Article 6c: Cyber-dehumanization: Violent videogame play diminishes our humanity (Bastian et al., 2012) Flashcards
1
Q
Background
A
This article looked at how playing violent video games diminish our perception of our OWN human qualities and the human qualities of our TARGETS.
2
Q
Design of the study
A
- Study 1: Playing Mortal Combat against another player reduces the perceived humanity of the self and the opponent.
- Study 2: there was no dehumanisation found of the co-player (when they were not the target of the violence).
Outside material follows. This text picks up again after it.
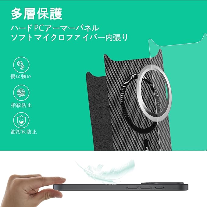 【 高級感のある素材 】背面には高級感のあるカーボンファイバーテクスチャを採用し、滑りにくいです。防油・防汚加工により指紋や汚れが付きにくく、長時間使用しても傷がつきにくく清潔に保てます。洗練されたデザインと高い耐久性を兼ね備え、オフィスやカフェ、外出先でも端末を美しく保ちながら安心して使用できます。
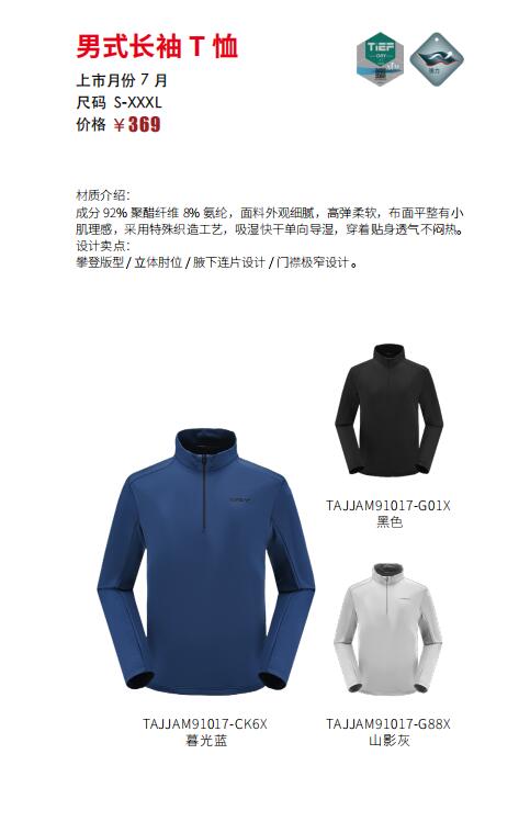 探路者男式长袖T恤TAJJAM91017

This can not be attributed to mood, age, gender, enjoyableness, excitement or frustration (these variables were all added to the ANOVA).
3
Q
Self-perception theory
A
People infer their internal attributes form observation of their own behaviour. Observing one’s own aggressive behaviour may have more pervasive (unwelcome) effects on our self-perception than only increased aggression: it may also lead to perception of the self as less human.
4
Q
Results
A
- Players feel less human when engaging in gratuitous violence (violence for the sake of being violent) in video games compared to non-violent video games.
- This self-dehumanisation extends to how players perceive their opponents, but only in adversarial contexts, not in cooperative ones.
- Video game violence contributed to reduced empathy, increased aggression and desensitising to suffering.